Séance du
jeudi 18 septembre 2008 à
17h
56e
législature -
3e
année -
11e
session -
62e
séance
GR 479-A
Mme Virginie Keller (S), rapporteuse. Je vais vous présenter le cas de M. D., né en 1981 - il a donc 27 ans aujourd'hui - d'origine albanaise, célibataire et sans enfants. Il a suivi l'école obligatoire dans son pays mais n'a pas de formation professionnelle particulière. Il a quitté l'Albanie à l'âge de 17 ans, puis a résidé dans plusieurs pays d'Europe, notamment en Italie et en Belgique, avant de venir en Suisse. Reparti ensuite en Italie, il a trouvé un travail d'installateur en ascenseurs, réalisant ainsi un salaire mensuel de 1500 euros. Il a été extradé d'Italie en Suisse en janvier 2007 et est détenu depuis lors en Suisse. M. D. a été condamné le 19 février 2008 par le tribunal à une peine privative de liberté de cinq ans pour infraction à la loi fédérale sur les stupéfiants. Au moment de son arrestation, il avait déjà effectué une détention préventive d'un an et vingt et un jours, il lui restait donc au moment de sa condamnation un solde de trois ans, onze mois et neuf jours à purger. Les deux tiers de la peine seront atteints le 27 mai 2010, et il pourra alors bénéficier d'une éventuelle libération conditionnelle. Sa libération est prévue pour le 27 janvier 2012.

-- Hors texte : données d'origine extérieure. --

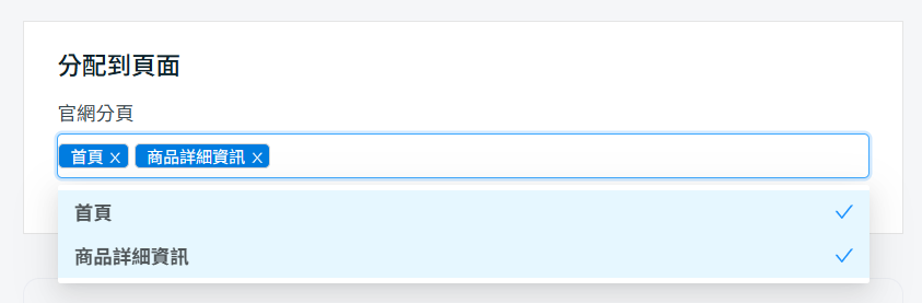 步驟三:在分配到頁面設置中,選擇欲顯示銷售激發彈窗的頁面
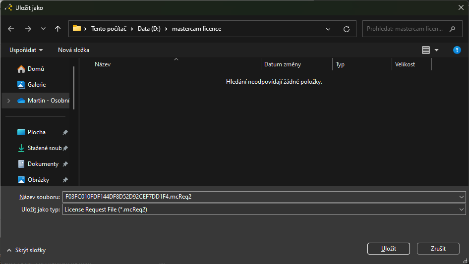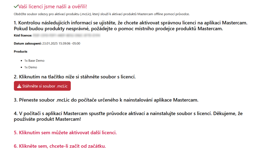 Licenci zde můžeme zkontrolovat a stáhnout aktivační soubor, který přeneseme zpátky do počítače s Mastercamem.
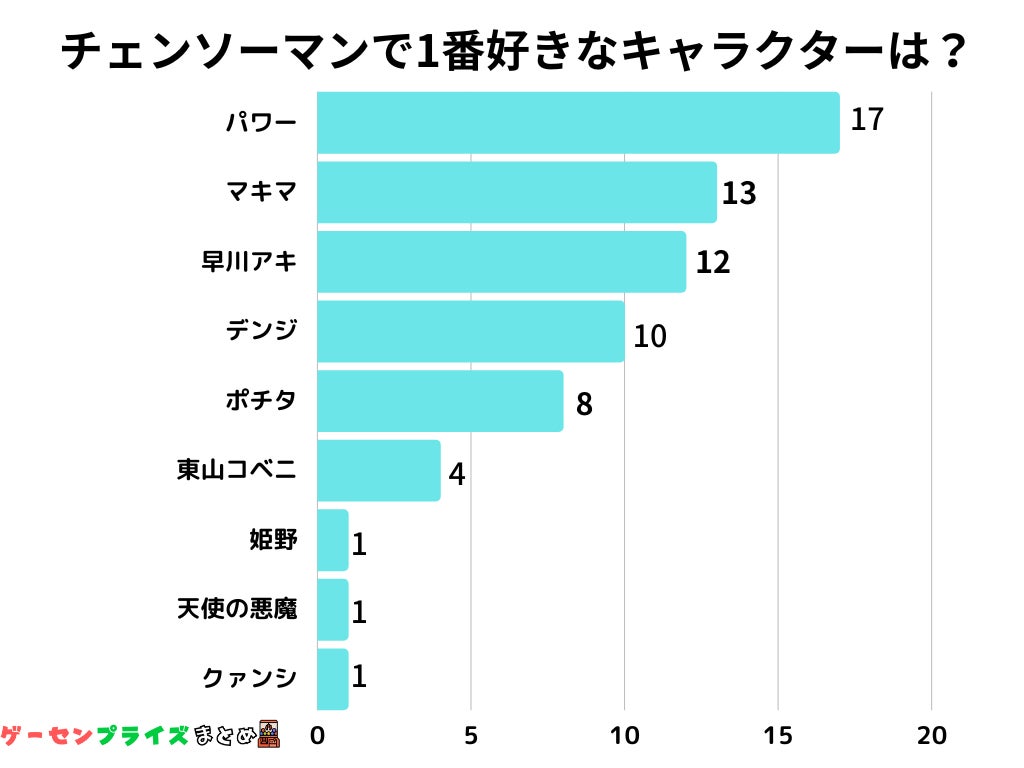 「チェンソーマンの中で1番好きなキャラクターについて」アンケート調査した結果、1位は『パワー』でした。
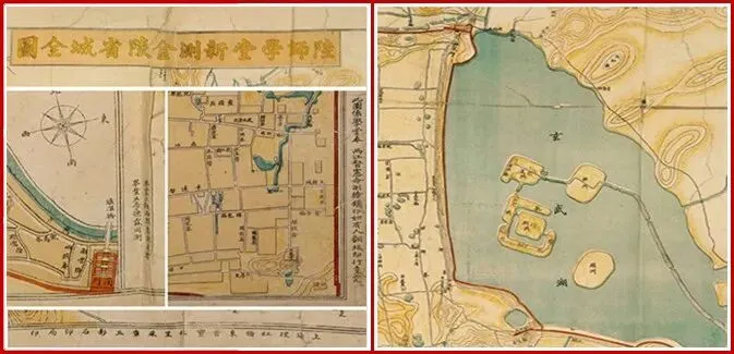 ▲陆师学堂《新测金陵省城全图》局部备注(左)及玄武湖(右)
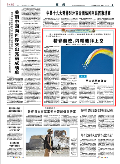 飞行表演除了展示飞行员的训练水准,也是一个国家航空工业发展的标志。看热闹的,关注的是“蓝天之舞”的炫目多彩。然而,在迪拜航展,业内人士也留意到中国航空工业关于直升机、运输机、无人机等装备的立体展示——这些宝贵的科技成就,正是中国飞行员写意蓝天的强大物质支撑!
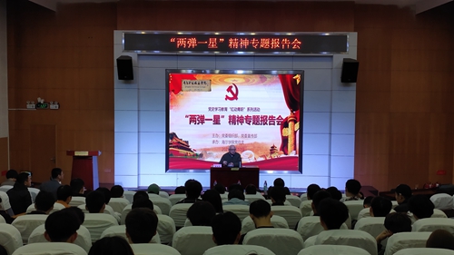 5月12日上午,学校党史学习教育“红动青职”系列活动之“两弹一星”精神专题报告会在报告厅举行。报告会邀请中国核武器研究院副研究员、“两弹一星”科技专家、著名科普作家魏世杰来校作“两弹一星”精神专题报告。副院长齐顾涛出席活动。来自海尔学院、生物与化工学院的师生代表参加了报告会。
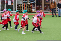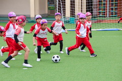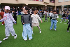 サッカー・ドッジボール大会、ダンス発表会 2月26日(木) 幼稚園園庭にて まもなく卒園式を迎える年長さんは、園生活最後のイベントクラス対抗サッカー・ドッジボールの試合やエイベックス講師リーコ先生によるダンス発表会に取組みました。生きる力が培われた年長さんは、園生活初めて全員私服になって、様々な振付けのあるダンスをテンポ良く楽しく踊ることができ、サッカーやドッジボールでも最後までボールを追いかけて頑張っていました。 NEXT TOP PREV

La demande de grâce qu'a déposée M. D. est justifiée ainsi: il souhaite rentrer en Albanie au plus vite afin d'assumer l'entretien de sa famille, notamment de ses parents âgés, d'un frère et d'une soeur, qui ne semblent pas pouvoir subvenir à leurs besoins. Du reste, il avait amené lors du procès les justificatifs prouvant qu'il versait effectivement régulièrement de l'argent en Albanie afin de subvenir aux besoins de sa famille. Cependant, dans son recours en grâce, il n'expose aucun élément nouveau qui aurait pu permettre à la commission de grâce de statuer en sa faveur.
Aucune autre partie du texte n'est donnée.